To a native born Californian, the South is a foreign land. Strange customs. Funny accents. Everyone y'all-ing and ma'am-ing all the time. Nobody from California goes to the South for vacation.

And yet, the South was the heart of the Civil Rights movement. It was where our race problems were greatest. It was where our solutions were most difficult, and therefore most interesting. That's what my mom and I wanted to see when we proposed to do a road trip through Alabama and Mississippi, and we did. What we didn't expect was to find people so consciously continuing to engage in that same problem solving today. Race seemed to be on people's minds all the time, everywhere, openly talked about, and everyone had an opnion about it they wanted to share.

We knew we were indeed in another world before we even parked our rental car at our hotel in the Montgomery civic center. We arrived at night and the place was like a ghost town... not a person to be seen, not a shop with its lights on, not a restaurant, bar or place of business. With some hesitation, we asked the hotel desk clerk if he knew where we could get a bit to eat. "Y'all won't find anything open round here this time of night," he said.

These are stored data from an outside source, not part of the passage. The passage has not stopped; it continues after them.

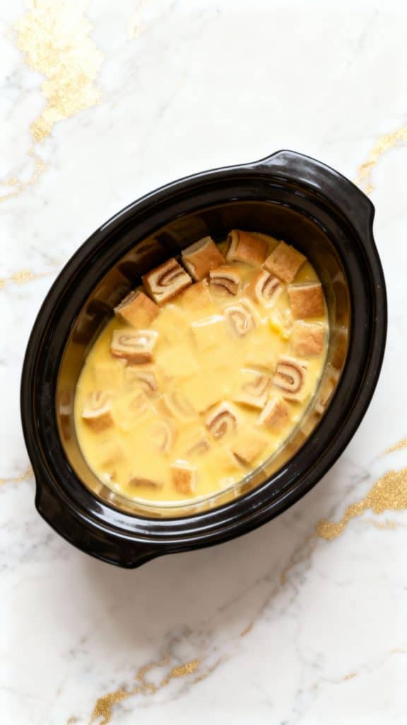 Pour the egg mixture evenly over the cinnamon rolls in the crockpot.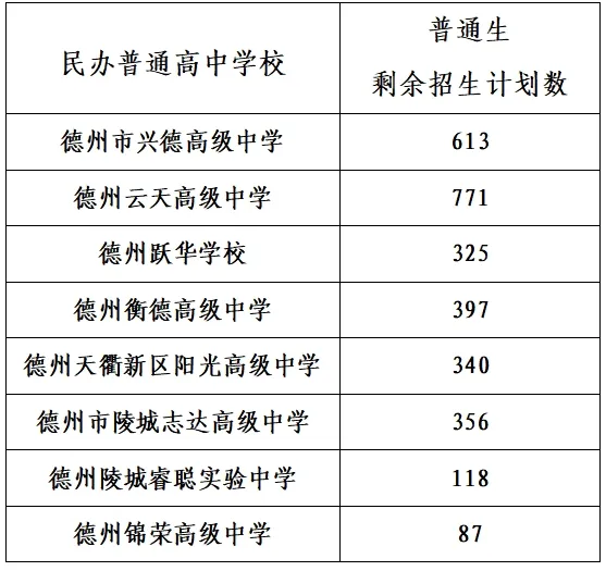 四、民办普通高中学校剩余招生计划数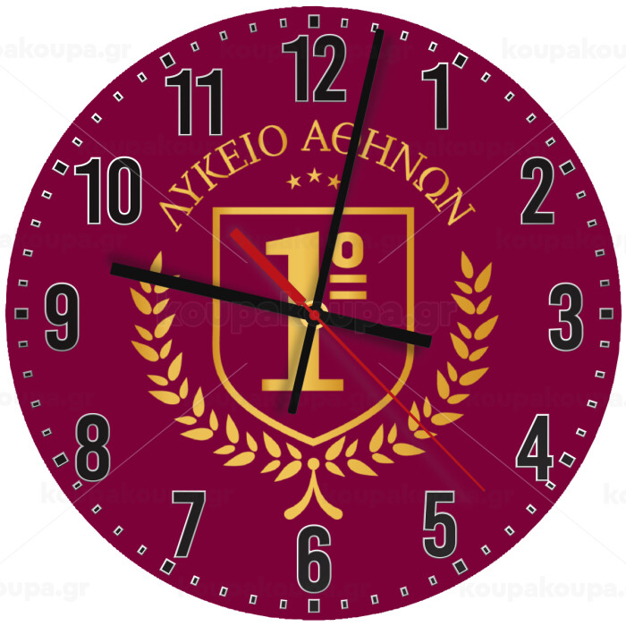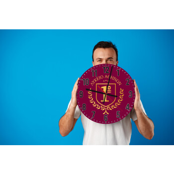 Έμβλημα Σχολικό μπορντό, Ρολόι τοίχου ξύλινο (30cm)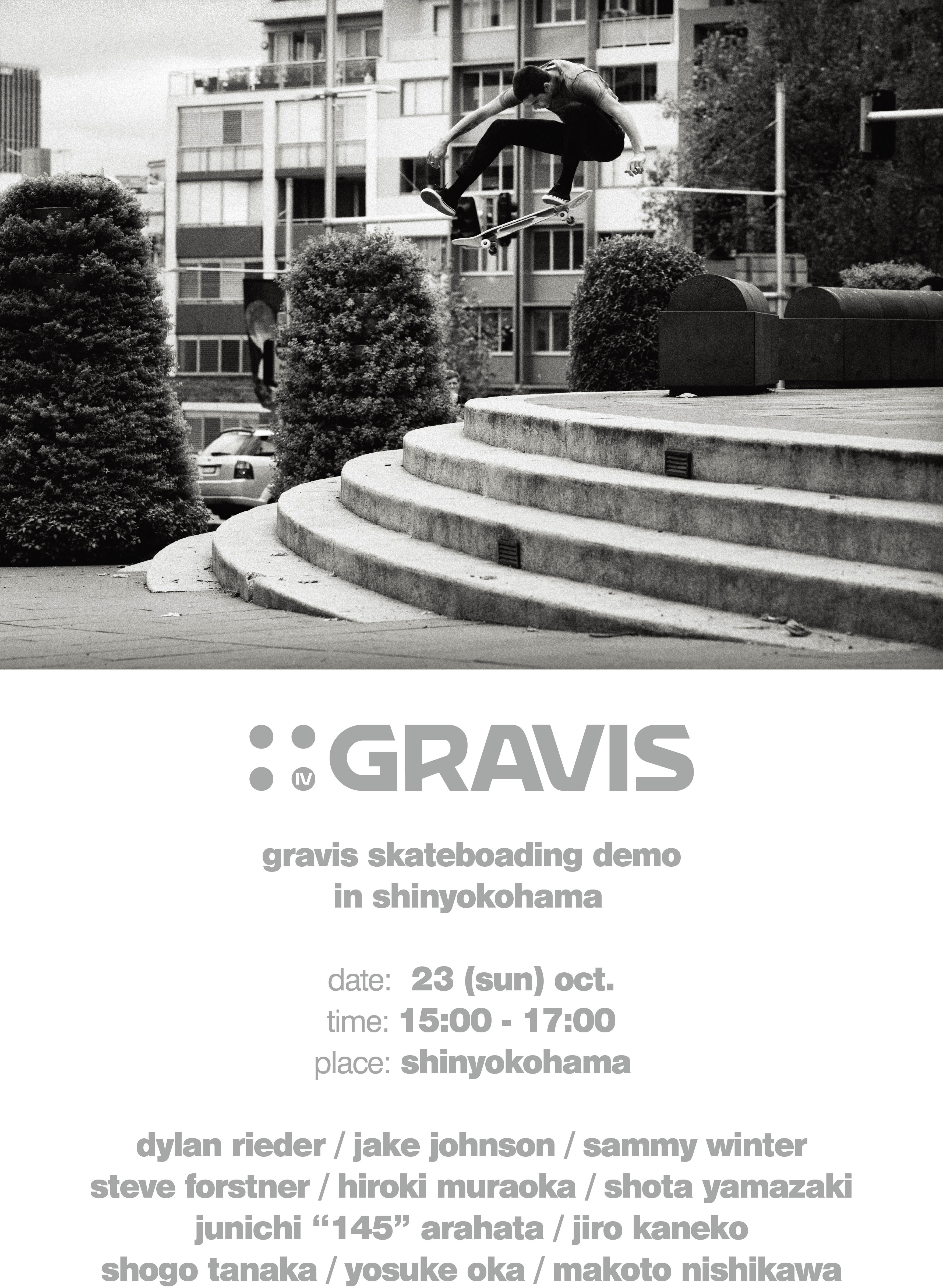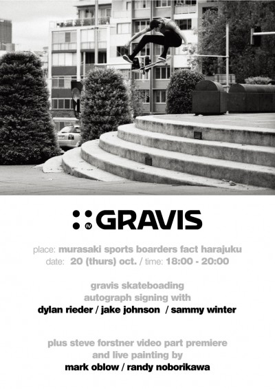 ジャパンライダーによる合同スケートデモ、サイン会、そしてGRAVISの新作ショートムービーの試写会が開催される。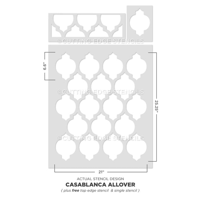 This Moroccan stencil comes with an additional FREE Top edge stencil: the upper part of the design cut as a smaller separate stencil. It makes it easy to fill the gaps close to the ceiling line.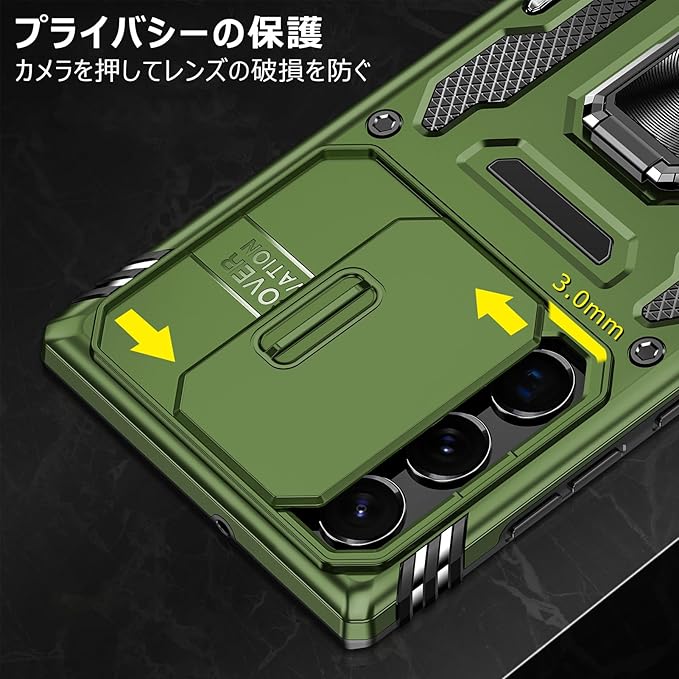 【360度回転式リング付き】360度回転可能、180角度調節可能、片手で携帯を操作でき、滑り止め、強奪、落下などのことを防げます。ケースを横置きにするとスタンド機能になり、持たず動画鑑賞などを楽しむことができます。

It was 11:00 pm.

"Not even a shop where we can get some crackers?" I asked.

"I might be able to find you a Lean Cuisine back in the fridge." He was a talkative guy, and very helpful. Quite generous with the Southern hospitality we'd heard about. We suspected the Lean Cuisine was probably from his own personal stash and we set out for a walk. We did eventually find some crackers in a hotel gift shop down the street. We slept well that night, stuffed with Cheez-Its and orange juice, and wondering what Montgomery would have in store for us in the morning. First on our list: the Rosa Parks bus stop.